The door had opened softly, and a young girl, clad in deep, lusterless mourning apparel, had entered the parlor.

CHAPTER VII

Captain Lancaster was taken at a disadvantage. He was not at all a vain man. He did not half know how fine looking he was, and his hasty perusal of the mirror was directed rather to his dress than his face. But as he turned about hastily and met the half smile on the lips of the new-comer, he realized instantly that his attitude had favored strongly of masculine vanity, and a not unbecoming flush mounted to his good-looking, straight-featured face.
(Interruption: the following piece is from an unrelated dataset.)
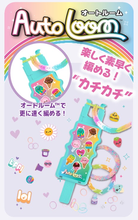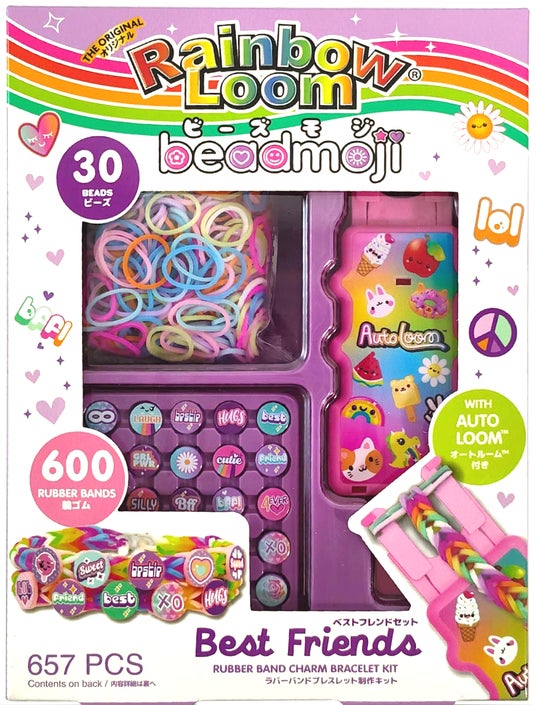 「Auto Loom(R) (オートルーム)」は人気の「Loomi-Pals(R) (ルーミパルズ)」付きと「Beadmoji(R) (ビーズモジ)」付きの2種類パッケージも売り出しております。オートルームで出来上がったブレスレットにルーミパルズのチャームをつけたり、ビーズモジのビーズをつけたりして自分のブレスレットがカスタマイズできます。

He had a sneaking sense of shame in being caught posing, as it were, before the mirror by this extremely pretty girl.

She was more than pretty, this girl—she was rarely beautiful. She was of medium height and size, and her figure was symmetry itself, all its delicious curves and slender outlines defined at their best by the close-fitting black jersey waist she wore buttoned up to the graceful white throat that had a trick of holding itself high, as if innocently proud of the fair face that shone above it—the face that Captain Lancaster gazed at in wonder for a moment, and then in the most lively and decided disapprobation.